● Assigned task
Everything below from the line with "Vue d'une photographie" through the line with "Hoitokalastusta rysäpyynnillä Hormajärvellä." should be copied exactly, and nothing else; leave out the pictures.
---------- Exercise data
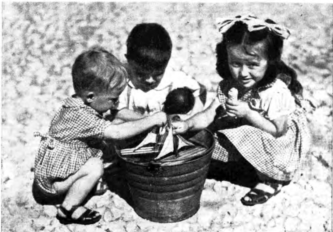
A QUESTI BIMBI AVEVANO PROMESSO IL MARE... ED ESSI HANNO RISOLTO IL PROBLEMA SUL GRETO DI UN TORRENTE CON UN MODESTO SECCHIO D'ACQUA

4 volumi quattro punti cardinali per la vostra cultura
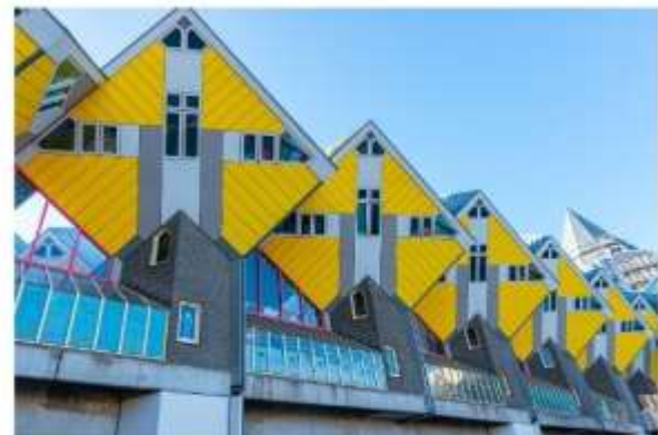
บ้านลูกเต๋าโค้คคุมูส

นำท่านถ่ายรูปกับ บ้านลูกเต๋าโค้คคุมูส (Kijk Kubus The Cubic Houses) กลุ่มอาคารเหล็องชาวทรงลูกเต๋า 39 หลัง ซึ่งได้รับรางวัลชนะเลิศการออกแบบสาขาประหยัดพลังงาน โดยสถาปนิกนาม Piet Bloem
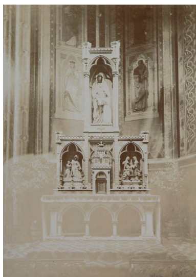
Vue d'une photographie de l'autel Sainte-Anne, antérieure à 1914.
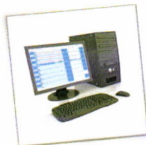
Logiciel de gestion d'ergomètre Lode
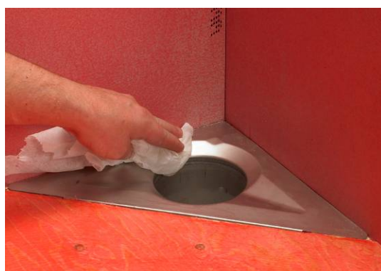
3. Rengør afløbets krave og affedt med f.eks. acetone.

For at sikre en god vedhæftning og dermed etablere en vandtæt samling ved gulv afløbet/slukken er det vigtigt at afløbets/slukens krave rengøres og affedtes.
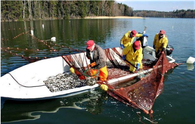
Hoitokalastusta rysäpyynnillä Hormajärvellä.

Hoitokalastuksen vaikutuksia järven kalakannan rakenteeseen selvitettiin verkkokoekalastuksella keuhalla 2020. Kalakanta on edelleen särkikalavaltainen. Tuloksista lisätietoa www.hormajarvi.fi sivulta 'Hoito ja kunnostus'
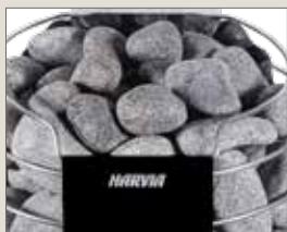
Округлые камни для сауны 5-10 см R-99
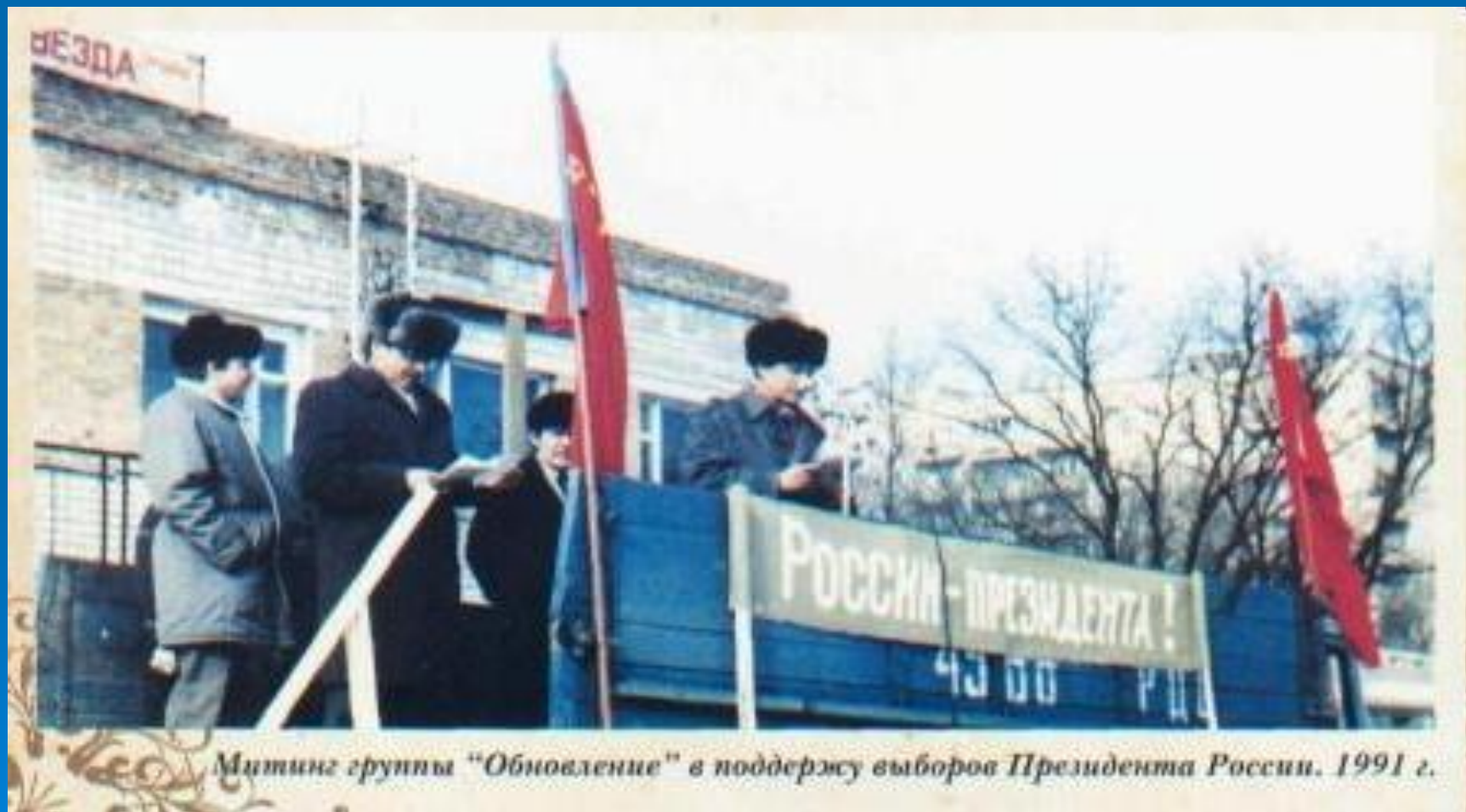
Митинг группы "Обновление" в поддержку выборов Президента России. 1991 г.
--------------------
● Answer to this problem
Vue d'une photographie de l'autel Sainte-Anne, antérieure à 1914.
Logiciel de gestion d'ergomètre Lode
3. Rengør afløbets krave og affedt med f.eks. acetone.

For at sikre en god vedhæftning og dermed etablere en vandtæt samling ved gulv afløbet/slukken er det vigtigt at afløbets/slukens krave rengøres og affedtes.
Hoitokalastusta rysäpyynnillä Hormajärvellä.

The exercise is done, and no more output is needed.